**PROBLEM:**
Beginning with the line below that contains "Palazzo Medici-Riccardi (Florence)" and ending with the line that contains "Wilhelminapark, Utrecht, The Netherlands", retype every line exactly. Pictures are not copied.

**RECORDS:**
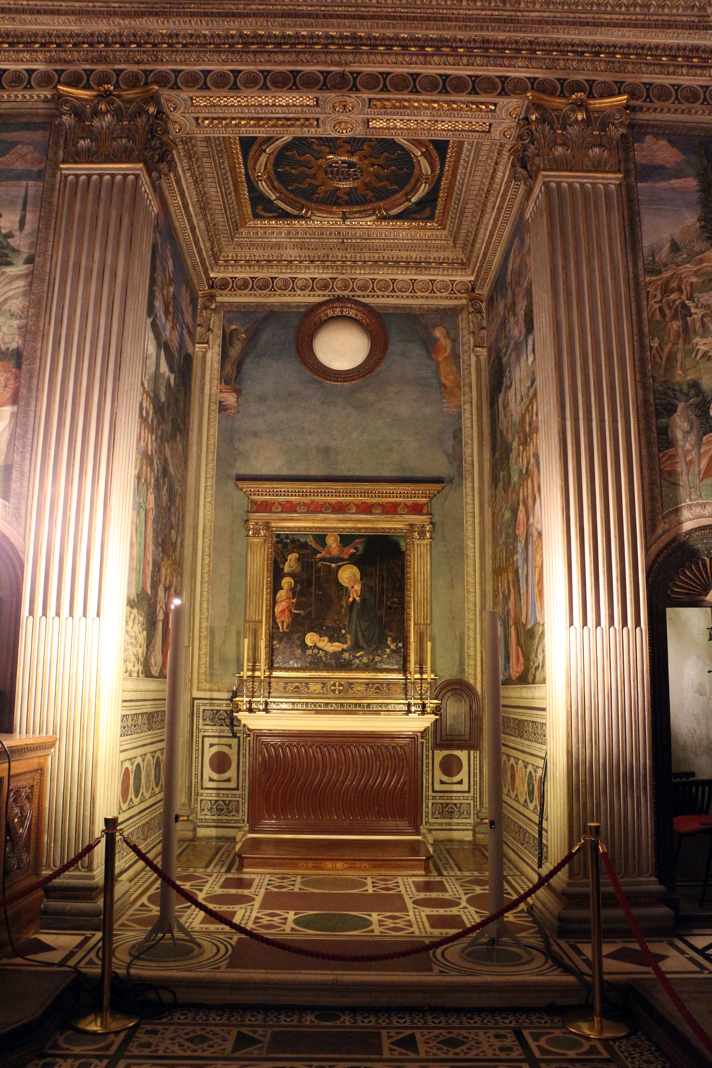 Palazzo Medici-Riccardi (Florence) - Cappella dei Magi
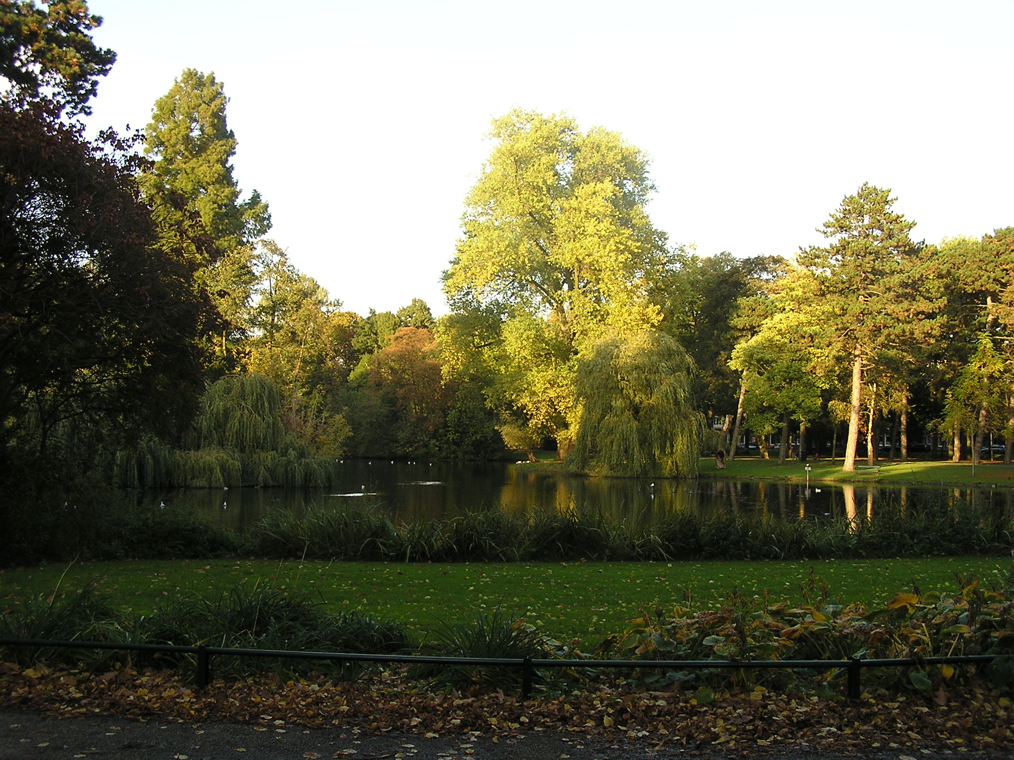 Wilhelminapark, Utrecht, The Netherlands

---

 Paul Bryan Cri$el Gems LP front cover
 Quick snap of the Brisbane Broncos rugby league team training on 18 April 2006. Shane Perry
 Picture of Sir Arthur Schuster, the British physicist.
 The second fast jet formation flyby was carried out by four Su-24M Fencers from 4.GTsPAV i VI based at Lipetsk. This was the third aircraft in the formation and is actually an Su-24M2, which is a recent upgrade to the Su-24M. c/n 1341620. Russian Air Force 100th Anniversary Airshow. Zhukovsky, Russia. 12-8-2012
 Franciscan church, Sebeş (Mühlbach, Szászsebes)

**ANSWER SPACE:**
 Palazzo Medici-Riccardi (Florence) - Cappella dei Magi
 Wilhelminapark, Utrecht, The Netherlands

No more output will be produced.